Alimony is considered appropriate when a spouse is unable to meet daily financial necessities resulting from separation or divorce. Alimony is determined on a case-by-case basis. When in controversy or dispute, it must first be determined that there is in fact a need for alimony to be paid to one party, as well as the ability of the other party to pay the requested alimony. Subsequently, the Court will consider a set of factors for the determination of the amount and duration of alimony payments.
There are several types of alimony awarded within the State of Florida. Such types, range from temporary, bridge the gap, durational, and rehabilitative alimony, to name a few.
Alimony can be a matter of survival for a spouse requiring income that is halted by a drawn-out legal dispute. A thorough understanding of the various factors or considerations for an alimony award is crucial for a positive outcome when the issue of alimony is in dispute. Communicating these factors compassionately & professionally is where we come in and our Firm can assist you best.
When it comes to representing your interests in court, hire a law firm committed to ensuring that your concerns are handled in an efficient and professional manner. Hire a law firm committed to ensuring you return to a life free of concern or wonder for when your financial security will resume.
The separation of a child’s parents is daunting enough but a greater challenge is facing having to move forward without a source fundamental to the household’s economic stability. Under Chapter 61.30, the legal obligation of maintaining a child’s care, maintenance, training, and education is a responsibility separate and apart from the status of the relationship of the co-parents. Therefore, when a child’s parent has separated from the household, a legal obligation to pay for the child's needs manifests in the form of child support.
The amount of child support that may be paid to benefit a child’s upbringing will depend on a comparison of both parents’ income and the number of overnights per year that the child enjoys with each parent. A calculation of child support is very different should co-parents retain equal timesharing than if the parents do not. Under Florida law in order for child support to be calculated, one must first arrive at a combined net monthly income of the parents.
The combined net monthly income is then be applied against a chart known under Florida Law as a child support guidelines. Under Florida guidelines, the amount of child support that is required at any given level of combined net monthly income is also based upon the number of children involved in either the marriage or the parental relationship.
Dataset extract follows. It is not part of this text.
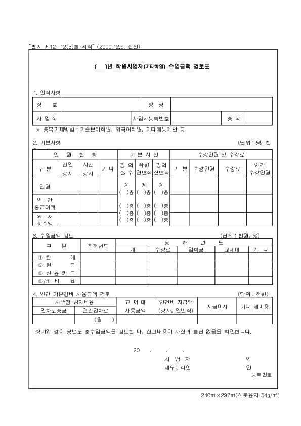 Á¦12-12(3)È£ Çпø»ç¾÷ÀÚ(±âŸÇпø)¼öÀԱݾװËÅäÇ¥(2000.12.6. ½Å¼³) |

The amount of child support that’s paid is not only dependent upon net monthly income of each of the parents, but it is also dependent upon the actual number of overnights that each co-parent spends with his or her child(ren). The more overnights a co-parent enjoys with a child, the less amount of support that will be due generally speaking. Surprisingly, an opposite outcome may result in some cases.
Unless both co-parents make exactly the same amount of income, when a child spends equal overnights with both parents, child support will be payable from one parent to the other. Also, when one parent makes more than the other parent, even if the parties have equal time-sharing there will be some type of child support that will be due, generally speaking. Although, an opposite outcome may result in some cases and will depend on a case-by-case basis. This is where our experienced child support team can assist.
These steps and procedures may appear unclear in a time of uncertainty for your family. Rest assured that our experienced team of attorneys will offer clarity. You will always have specific figures to assist your newly formed family structure in achieving future financial stability.